| Study material |
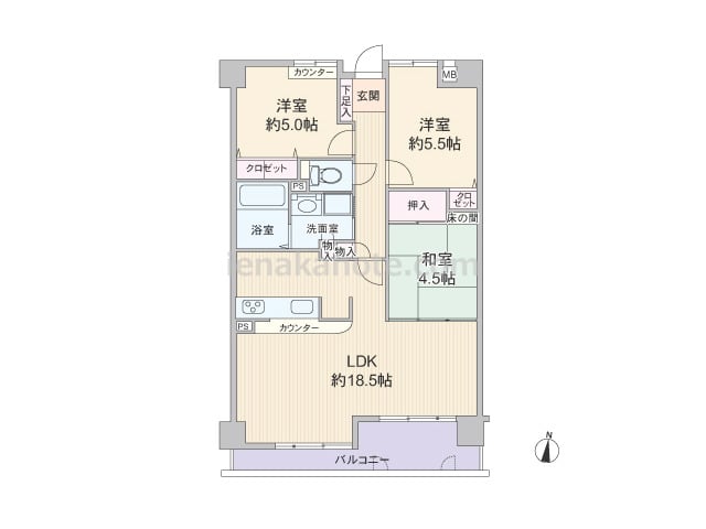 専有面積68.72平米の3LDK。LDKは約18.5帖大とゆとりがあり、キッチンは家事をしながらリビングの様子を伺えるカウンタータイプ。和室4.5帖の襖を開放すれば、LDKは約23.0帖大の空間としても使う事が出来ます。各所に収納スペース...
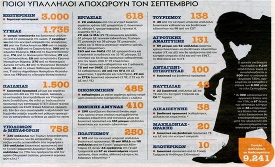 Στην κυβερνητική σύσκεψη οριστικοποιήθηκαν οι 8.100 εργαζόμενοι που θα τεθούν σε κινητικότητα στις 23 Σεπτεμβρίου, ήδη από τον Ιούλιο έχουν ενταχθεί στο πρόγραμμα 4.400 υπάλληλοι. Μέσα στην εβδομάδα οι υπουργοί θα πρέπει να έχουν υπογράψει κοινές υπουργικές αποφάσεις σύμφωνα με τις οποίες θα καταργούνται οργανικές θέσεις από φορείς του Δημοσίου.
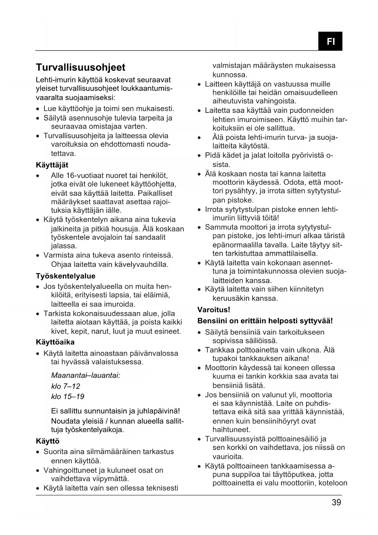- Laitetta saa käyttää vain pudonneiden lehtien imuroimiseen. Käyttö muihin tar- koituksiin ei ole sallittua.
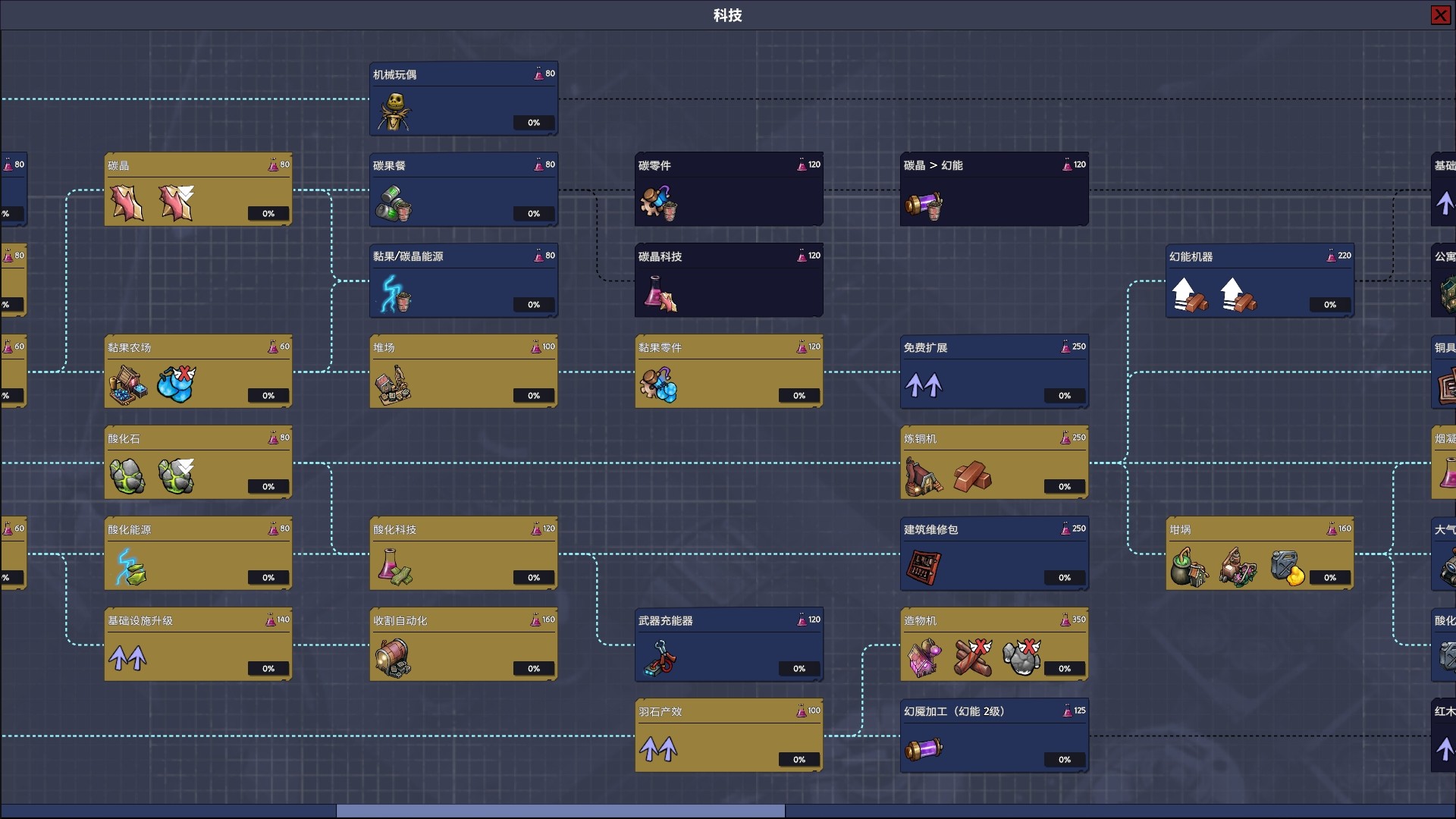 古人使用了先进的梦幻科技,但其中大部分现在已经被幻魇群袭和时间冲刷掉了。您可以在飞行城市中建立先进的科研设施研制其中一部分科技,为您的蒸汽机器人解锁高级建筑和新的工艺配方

--

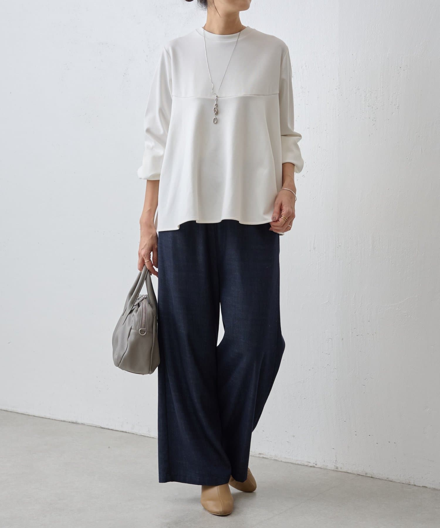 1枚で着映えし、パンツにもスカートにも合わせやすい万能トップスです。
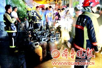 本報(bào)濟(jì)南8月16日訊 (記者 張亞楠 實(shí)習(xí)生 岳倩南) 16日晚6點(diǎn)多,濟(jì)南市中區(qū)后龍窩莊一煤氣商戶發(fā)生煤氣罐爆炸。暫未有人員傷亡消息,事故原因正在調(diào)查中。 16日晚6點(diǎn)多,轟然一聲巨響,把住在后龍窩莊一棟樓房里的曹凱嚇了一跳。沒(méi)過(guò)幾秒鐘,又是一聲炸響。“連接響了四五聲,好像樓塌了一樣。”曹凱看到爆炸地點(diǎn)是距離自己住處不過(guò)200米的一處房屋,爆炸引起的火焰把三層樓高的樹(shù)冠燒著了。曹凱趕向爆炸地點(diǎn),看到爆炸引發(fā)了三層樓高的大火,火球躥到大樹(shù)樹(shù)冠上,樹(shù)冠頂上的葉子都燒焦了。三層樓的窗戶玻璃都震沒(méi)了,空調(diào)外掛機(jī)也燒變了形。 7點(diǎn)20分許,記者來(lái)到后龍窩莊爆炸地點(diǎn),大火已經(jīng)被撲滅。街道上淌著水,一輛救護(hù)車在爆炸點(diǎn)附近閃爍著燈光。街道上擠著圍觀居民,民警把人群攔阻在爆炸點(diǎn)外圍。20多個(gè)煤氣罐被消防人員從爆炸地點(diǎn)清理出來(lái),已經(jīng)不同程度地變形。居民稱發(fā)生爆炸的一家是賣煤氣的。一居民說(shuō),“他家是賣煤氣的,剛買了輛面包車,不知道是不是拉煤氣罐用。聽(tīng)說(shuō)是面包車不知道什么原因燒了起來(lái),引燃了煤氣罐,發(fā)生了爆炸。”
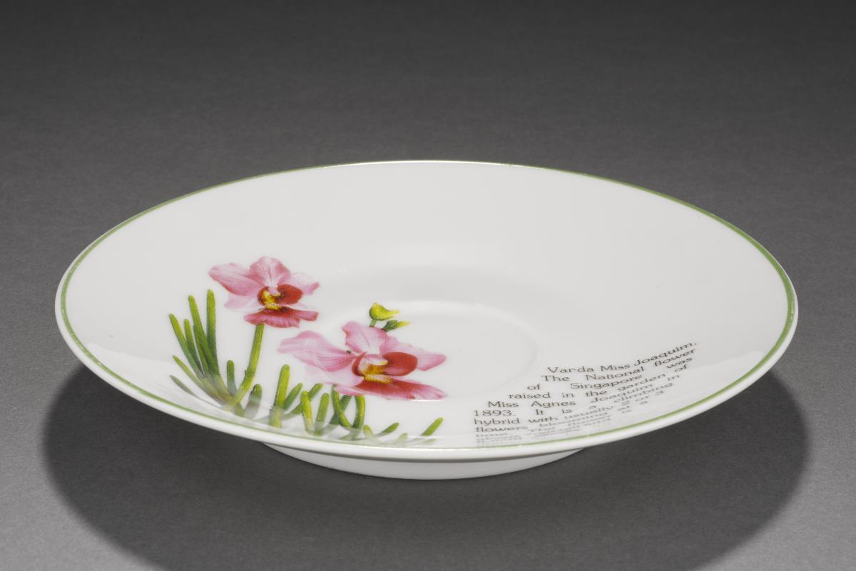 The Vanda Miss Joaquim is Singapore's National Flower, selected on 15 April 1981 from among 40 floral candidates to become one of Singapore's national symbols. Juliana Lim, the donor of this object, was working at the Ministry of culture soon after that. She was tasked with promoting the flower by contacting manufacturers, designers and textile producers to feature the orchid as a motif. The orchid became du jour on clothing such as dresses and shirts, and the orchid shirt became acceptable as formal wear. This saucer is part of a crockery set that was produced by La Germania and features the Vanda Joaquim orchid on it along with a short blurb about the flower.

...

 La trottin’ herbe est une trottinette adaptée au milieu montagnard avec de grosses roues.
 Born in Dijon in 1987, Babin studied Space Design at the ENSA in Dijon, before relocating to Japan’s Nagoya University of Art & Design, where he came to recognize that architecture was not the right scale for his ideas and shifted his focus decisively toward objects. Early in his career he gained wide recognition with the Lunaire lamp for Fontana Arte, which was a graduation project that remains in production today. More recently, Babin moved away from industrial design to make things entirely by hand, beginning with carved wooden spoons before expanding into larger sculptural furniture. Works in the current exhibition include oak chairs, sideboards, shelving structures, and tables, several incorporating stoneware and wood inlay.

| About this exercise |
Print nothing but the lines above starting with the line that contains "専有面積68.72平米の3L" and going on through the line that contains "Στην κυβερνητική σύσκεψη". Leave out the pictures.

| Task solution |
 専有面積68.72平米の3LDK。LDKは約18.5帖大とゆとりがあり、キッチンは家事をしながらリビングの様子を伺えるカウンタータイプ。和室4.5帖の襖を開放すれば、LDKは約23.0帖大の空間としても使う事が出来ます。各所に収納スペース...
 Στην κυβερνητική σύσκεψη οριστικοποιήθηκαν οι 8.100 εργαζόμενοι που θα τεθούν σε κινητικότητα στις 23 Σεπτεμβρίου, ήδη από τον Ιούλιο έχουν ενταχθεί στο πρόγραμμα 4.400 υπάλληλοι. Μέσα στην εβδομάδα οι υπουργοί θα πρέπει να έχουν υπογράψει κοινές υπουργικές αποφάσεις σύμφωνα με τις οποίες θα καταργούνται οργανικές θέσεις από φορείς του Δημοσίου.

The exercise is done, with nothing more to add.